Different notions of complexity
- worst case complexity – the number of steps in the worst possible scenario
- average case complexity – complexity of one operation on a random input (assuming some distribution of inputs)
- expected complexity – complexity of one operation averaged over random decisions of the algorithm
- amortized complexity – average complexity of one operation in any sequence of operations
- expected amortized, … :-)
These notions give different guarantees:
- worst case complexity – every operation takes at most \(O(T(n))\) time
- amortized complexity – some operations may take more time, but any sequence of \(n\) operations takes \(O(n\cdot T(n))\) time
- expected complexity – every operation takes \(O(T(n))\) time on average (when the algorithm is randomized and uses coin flips to make some decisions, a single operation may take different times depending on the results of coin flipping); thus, \(n\) operations take expected $O(nT(n)) time
- average case complexity – one operation takes \(O(T(n))\) time and \(n\) operations take \(O(n\cdot T(n))\) time on average input; there may be (viciously constructed) inputs that take much longer
Worst case vs. average case complexity
Example 1: Imagine that we have an unsorted array \(A\) with \(n\) numbers and we would like to find a given number \(x\) in \(A\). In the worst case, we have to access all the \(n\) elements but, if \(A\) is a random permutation and \(x\) is in \(A\), on average, we only access \(n / 2\) elements.
Example 2: We want to sort an array of \(n\) numbers. A simple way to do that is insertion sort (in the \(i\)-th step, we have first \(i\) items already sorted and we insert the next item into this sequence). What is the number of comparisons this algorithm makes? In the best case, the array is already sorted and insertion sort makes \(n - 1\) comparisons to check that. In the worst case, the array is sorted but in the opposite order. Insertion of the \(i\)-th item takes \(i - 1\) comparisons which sums to approximately \(n^2 / 2\) comparisons. In the average case, it is approximately \(n^2 / 4\).
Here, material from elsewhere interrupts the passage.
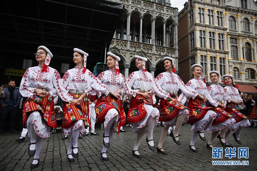 4月28日,在比利時(shí)布魯塞爾大廣場(chǎng),演員表演保加利亞的民族舞蹈。 當(dāng)日,來(lái)自歐洲多個(gè)國(guó)家的表演者在比利時(shí)布魯塞爾大廣場(chǎng)載歌載舞,慶祝為期五天的2019年巴爾干文化藝術(shù)節(jié)圓滿(mǎn)落幕。該文化藝術(shù)節(jié)旨在用音樂(lè)、舞蹈、文學(xué)、街頭藝術(shù)等方式向公眾展現(xiàn)東南歐巴爾干半島地區(qū)的民族文化風(fēng)情。 新華社記者鄭煥松攝

Example 3: In the quicksort algorithm, we take the first number in the array as a pivot and divide the whole array into two parts: numbers smaller than the pivot and numbers bigger than the pivot. This can be done easily in \(O(n)\) time. Then we apply the same procedure on the two smaller parts. In the best case, pivot divides the array exactly into halves and the algorithm runs in \(O(n\log n)\) time. However, in the worst case, when the array is already sorted, the pivot is always the smallest number, so all the numbers are on one side leading to a terrible \(\Theta(n^2)\) performance. Therefore, a better choice for a pivot is the middle number: At least when the input is sorted, this variant runs in \(O(n\log n)\) time. It is a little harder to construct the worst case input, but still, on some permutations the algorithm runs in \(\Theta(n^2)\) time. On the other hand, on most inputs, the quicksort algorithm is very fast and the average case complexity is \(O(n\log n)\).
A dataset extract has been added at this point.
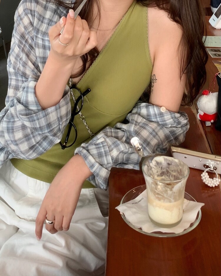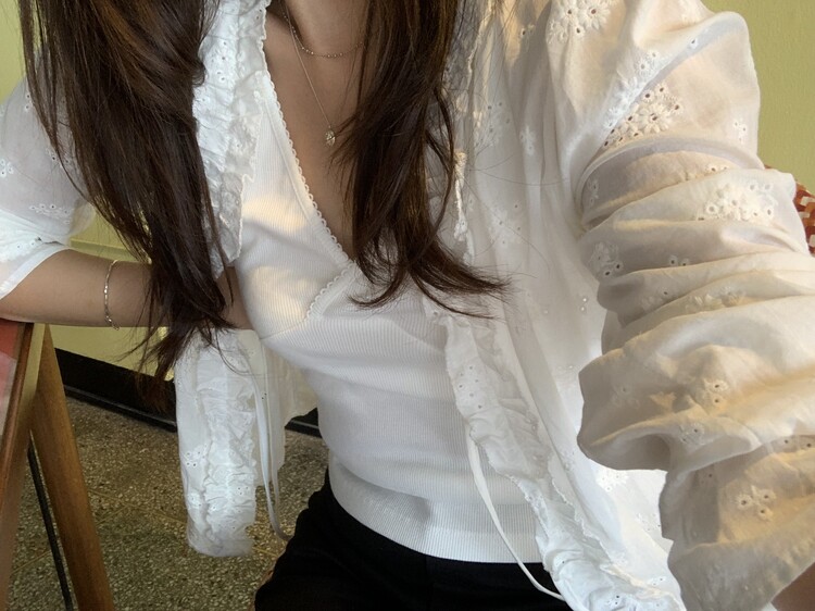 가디건이나 셔츠 안 이너로 활용하기 좋답니다.

Average case vs. expected complexity
Example 4: Let us continue with the quicksort algorithm from Example 3, but this time, shuffle the array before sorting it (alternatively, instead of picking the middle element as a pivot, pick a random one). We claim that this modification has expected \(O(n\log n)\) running time. What is the difference? In Example 3, the algorithm was deterministic – if we ran it twice on the same input, the algorithm would work exactly the same and would run the same amount of time. The average time was over all possible inputs - over all \(n\!\) permutations (provided that all permutations were equally likely), but an adversary, after inspecting our implementation, could come up with a “killer” sequence on which our algorithm runs in \(\Theta(n^2)\). On the other
hand, our new algorithm is randomized. If we run it twice on the same input, most probably it will not run the same way due to the random decisions. No adversary can come up with a killer sequence now – by shuffling the input, we have, so to speak, turned the worst case into an average case. The previous algorithm ran fast on the vast majority of inputs (only a little slower on some inputs and catastrophically on some specially constructed inputs); this algorithm runs fast on all inputs (only sometimes slower and very slowly only with negligible probability). Here, the average is over random choices, not over inputs.
Worst case vs. amortized complexity
Example 5: Imagine we would like to implement a stack of objects with operations push(x)
and pop()
. This can be easily done with an array and a pointer to the top item. Both operations take \(O(1)\) time in the worst case. Now imagine that we would like to add a clear()
operation that removes all the items from the stack. One solution is to simply move the top pointer to the beginning of the array (all the elements are kept in the memory, but will be overwritten by subsequent pushes). Another possibility is to pop
the items one by one until the stack is empty. What is the complexity of this solution? Clearly, the time to pop
\(n\) items is \(O(n)\). However, imagine a sequence of n operations push(x)
, pop()
, and clear()
. If clear()
runs in \(O(n)\) time, does it mean that \(n\) operations take \(\Theta(n^2)\) time? No. We can only pop
the items that were pushed onto the stack and thus the time for all pops
and clear
s cannot be (asymptotically) bigger than the time for all the push
es. Any sequence of \(n\) operations runs in \(O(n)\) total time. So even though one clear
operation is slow, if we compute an average time as the [total time] / [number of operations], we find out that one operation takes \(O(1)\) time on average. Therefore, we say that the clear
operation runs in amortized \(O(1)\) time - averaged over any sequence of operations.
Example 6: Imagine that we have an array of length \(n\) with operations set(i,x)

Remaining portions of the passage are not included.